Ji Gang, director of Savills (Beijing), is quite busy these days, coping with growing inquiries from international real estate funds.
"Compared with the fourth quarter of last year, foreign institutional investors now seem to be more specific about their investment target in China, as the macro environment becomes clearer," Ji told China Daily.
Most of the real estate funds contacting Ji are from Southeast Asia and the US. Office and retail sectors are the most popular choices with these investors.
"If everything moves on smoothly, we could help our clients reach a deal probably in the second quarter," Ji added.

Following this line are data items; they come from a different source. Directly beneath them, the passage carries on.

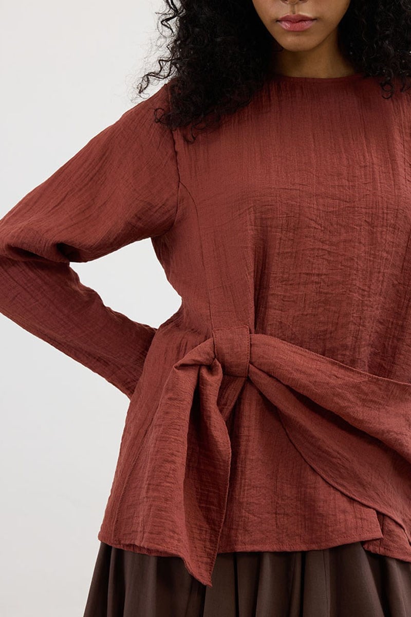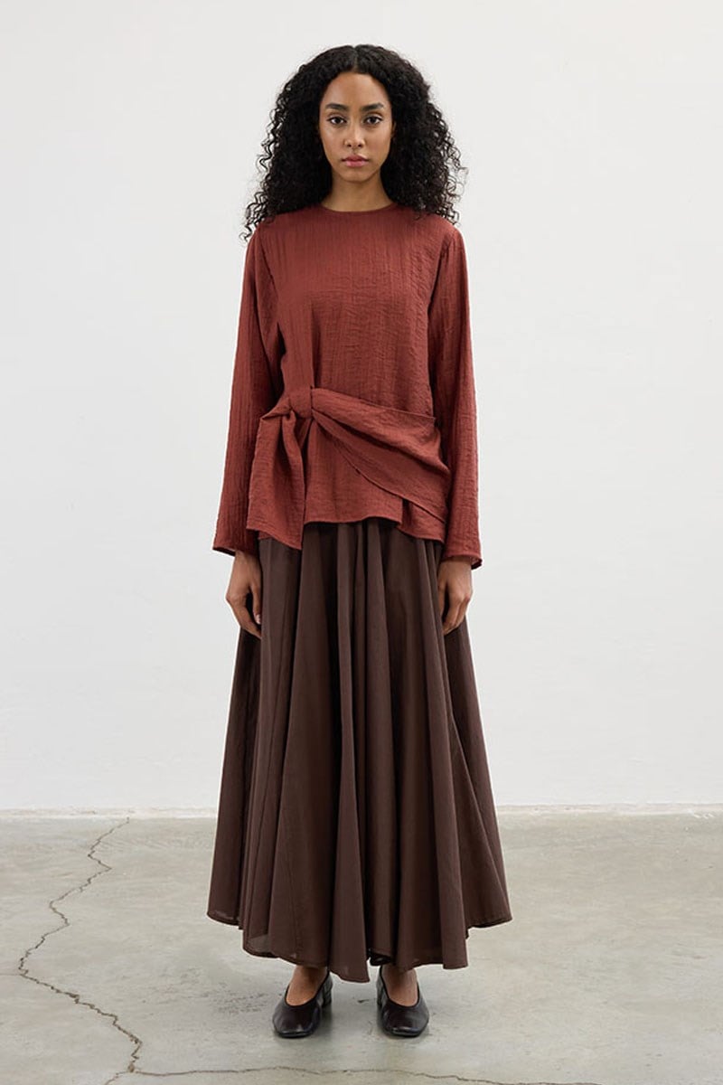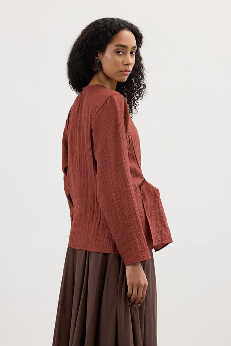 بلوزة بتفاصيل جسرية بلون الطوب
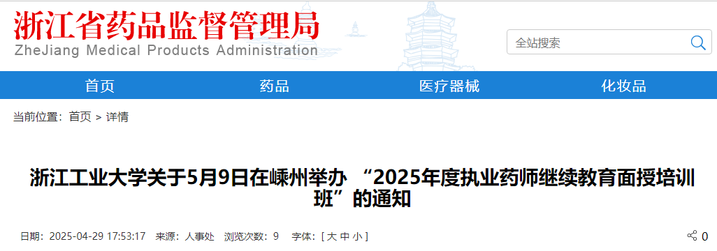 【浙江】浙江工業(yè)大學(xué)關(guān)于5月9日在嵊州舉辦 “2025年度執(zhí)業(yè)藥師繼續(xù)教育面授培訓(xùn)班”的通知
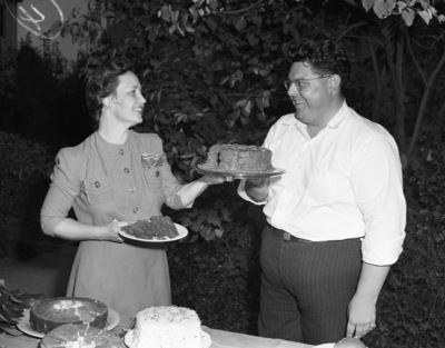 Texas Christian University Frog Band Party. Jack Weatherford, right, receiving a cake.
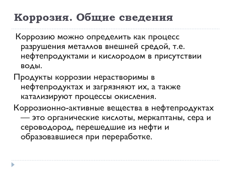 Коррозионно-активные вещества в нефтепродуктах — это органические кислоты, меркаптаны, сера и сероводород, перешедшие из нефти и образовавшиеся при переработке.
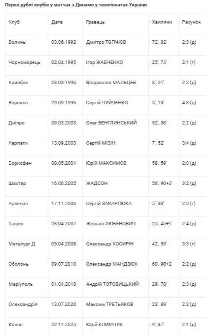 Тим часом його дубль виявився до всього іншого ювілейним - 30-м у динамівські ворота. Найчастіше "вистрілювали" дуплетом футболісти "Шахтаря" – 6 разів, "Дніпра" та "Чорноморця" – по 4.

In a Jan 15 statement to the Hong Kong bourse, Parkson Retail said it agreed to acquire the Suntrans Building in Beijing's Chaoyang District at a cash acquisition price of 1.128 billion yuan ($165 million). This is the largest property deal this year.
"The raised funds have to go somewhere, and China will be one of their major targets," said Ji.
CapitaLand, Southeast Asia's biggest developer, said on Monday that it will raise over $1.2 billion via a rights issue, making it well-positioned for any mergers and acquisitions opportunities that might arise.
Private equity fund manager Gaw Capital Partners is looking to raise up to $1.5 billion for Chinese property.
But some other investors still take a very cautious approach.